====== Records shown
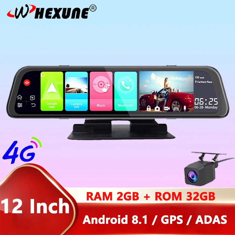 Автомобильный видеорегистратор WHEXUNE, 4G, 12 дюймов, 4-канальный ...
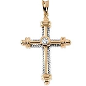 14k Yellow Gold Diamond Cross .066ct - JewelryWeb: Jewelry
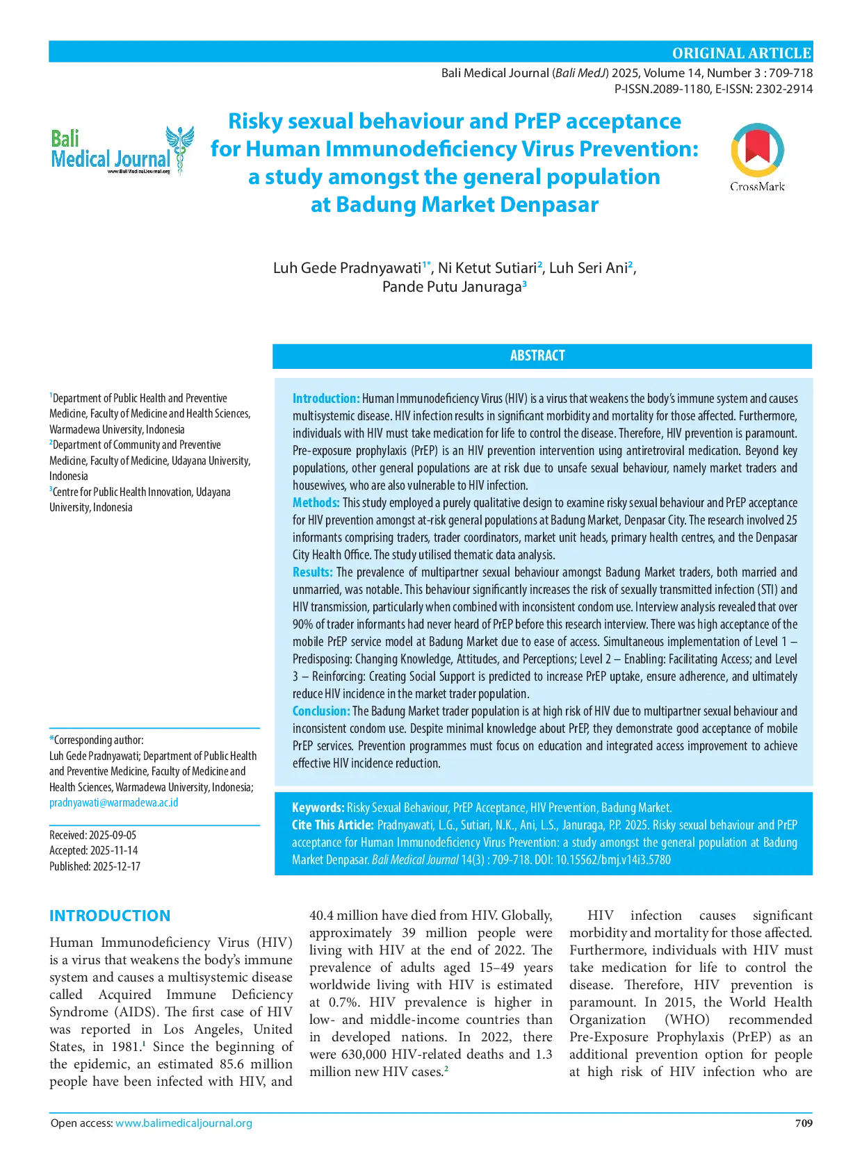 BMJBMJIntroduction: Human Immunodeficiency Virus (HIV) is a virus that weakens the bodys immune system and causes multisystemic disease. HIV infection results in significant morbidity and mortality for those affected. Furthermore, individuals with HIV must take medication for life to control the disease. Therefore, HIV prevention is paramount. Pre-exposure prophylaxis (PrEP) is an HIV prevention intervention using antiretroviral medication. Beyond key populations, other general populations are at risk due to unsafe sexual behaviour, namely market traders and housewives, who are also vulnerable to HIV infection. Methods: This study employed a purely qualitative design to examine risky sexual behaviour and PrEP acceptance for HIV prevention amongst at-risk general populations at Badung Market, Denpasar City. The research involved 25 informants comprising traders, trader coordinators, market unit heads, primary health centres, and the Denpasar City Health Office. The study utilised thematic data analysis. Results: The prevalence of multipartner sexual behaviour amongst Badung Market traders, both married and unmarried, was notable. This behaviour significantly increases the risk of sexually transmitted infection (STI) and HIV transmission, particularly when combined with inconsistent condom use. Interview analysis revealed that over 90% of trader informants had never heard of PrEP before this research interview. There was high acceptance of the mobile PrEP service model at Badung Market due to ease of access. Simultaneous implementation of Level 1 – Predisposing: Changing Knowledge, Attitudes, and Perceptions; Level 2 – Enabling: Facilitating Access; and Level 3 – Reinforcing: Creating Social Support is predicted to increase PrEP uptake, ensure adherence, and ultimately reduce HIV incidence in the market trader population. Conclusion: The Badung Market trader population is at high risk of HIV due to multipartner sexual behaviour and inconsistent condom use. Despite minimal knowledge about PrEP, they demonstrate good acceptance of mobile PrEP services. Prevention programmes must focus on education and integrated access improvement to achieve effective HIV incidence reduction.
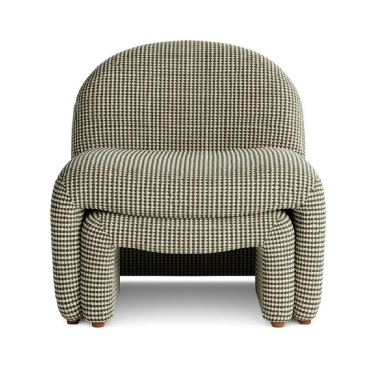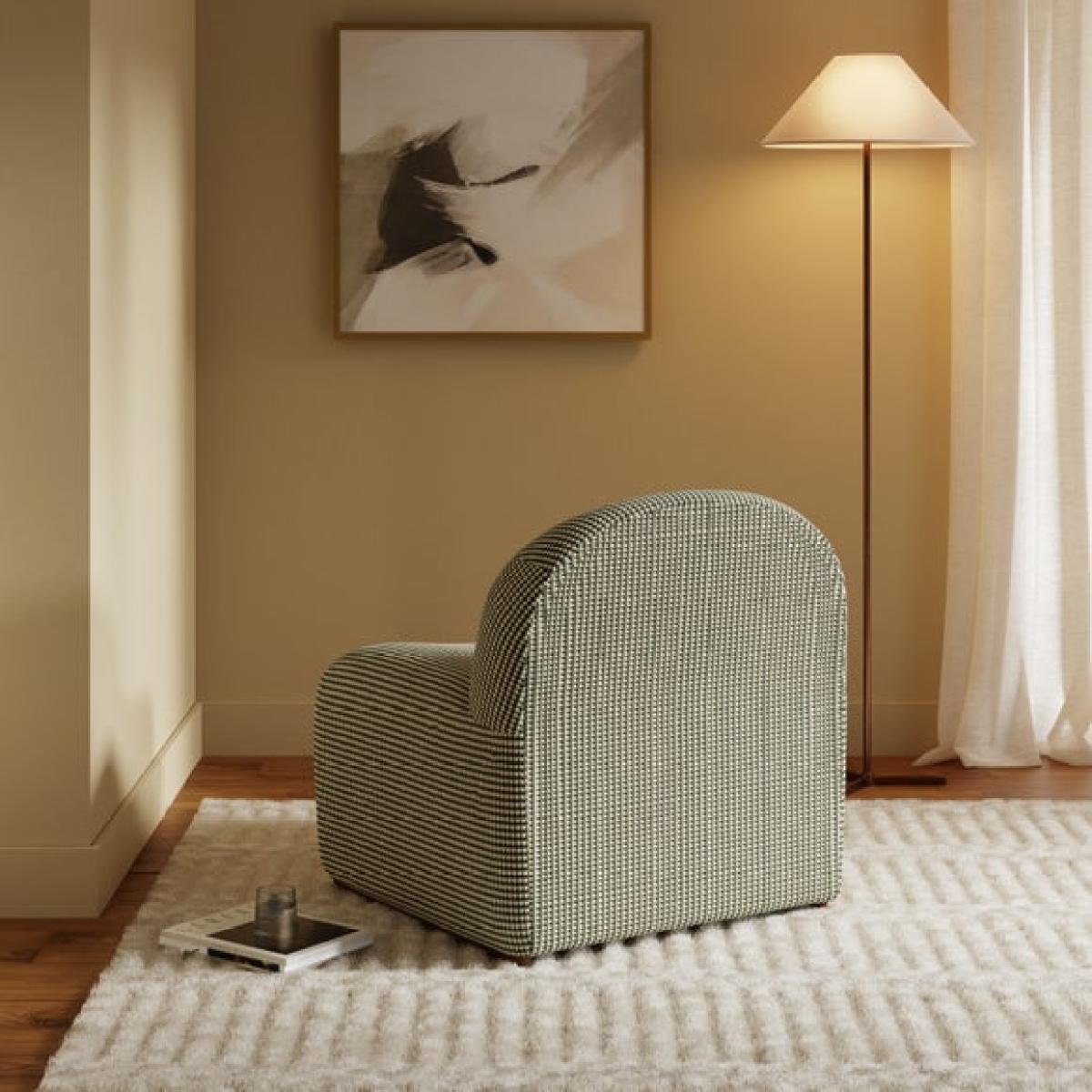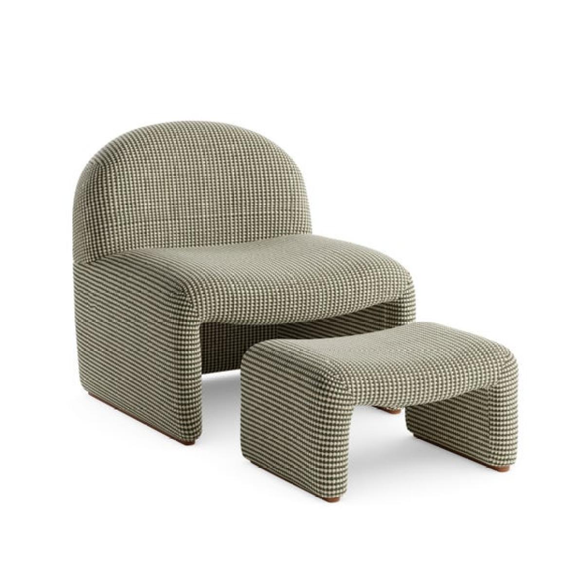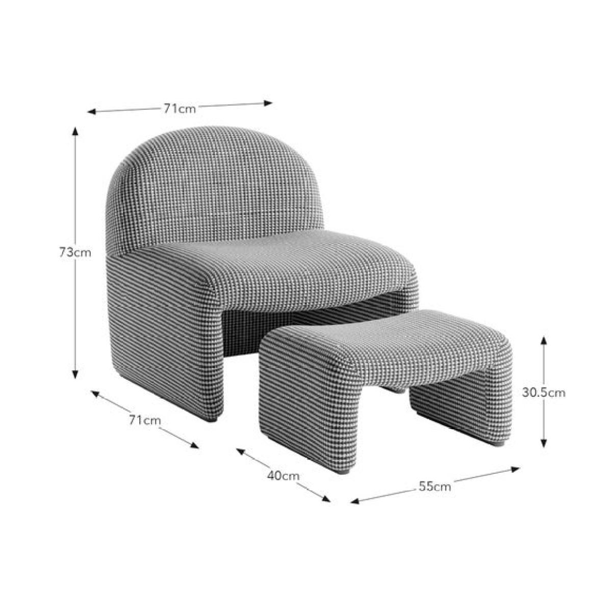 * Matching chair and footstool set * Soft boucle upholstery * Rubberwood frame Upholstered in a tactile dogtooth bobble chenille, the chair adds texture and a subtle retro feel to your space, while its compact size makes it ideal for smaller rooms or reading nooks. The matching footstool neatly tucks away underneath when not in use, offering a practical solution for relaxed lounging without taking up extra room.
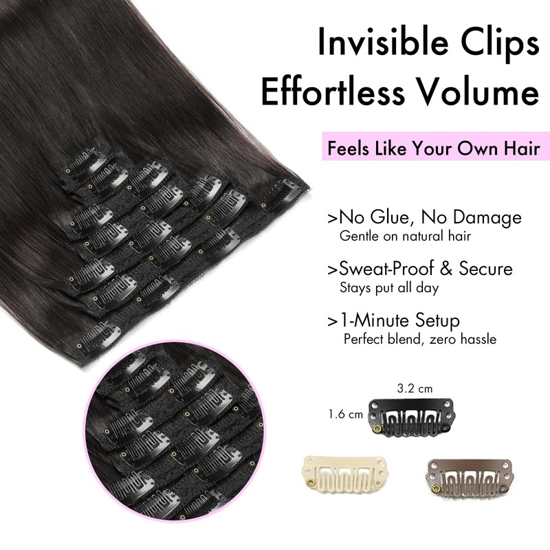 - Natural invisible design: thanks to high-quality clips and human hair extensions, the strands sit non-slip and skin-friendly. Attaches in seconds, keeps stable even during sports - completely natural and comfortable
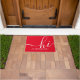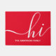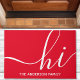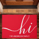 Herzlich willkommen in diesem personalisierten Haus. Mit einem modernen Schrift "hi" in Weiß auf einem lebendigen roten Hintergrund verleiht diese anpassbare Türmatte jedem Einstieg eine Touch von Charme.
============
> Work to be completed
Pictures aside, write out verbatim every line from the first line of the material through the line holding "14k Yellow Gold".

> Completed exercise
 Автомобильный видеорегистратор WHEXUNE, 4G, 12 дюймов, 4-канальный ...
 14k Yellow Gold Diamond Cross .066ct - JewelryWeb: Jewelry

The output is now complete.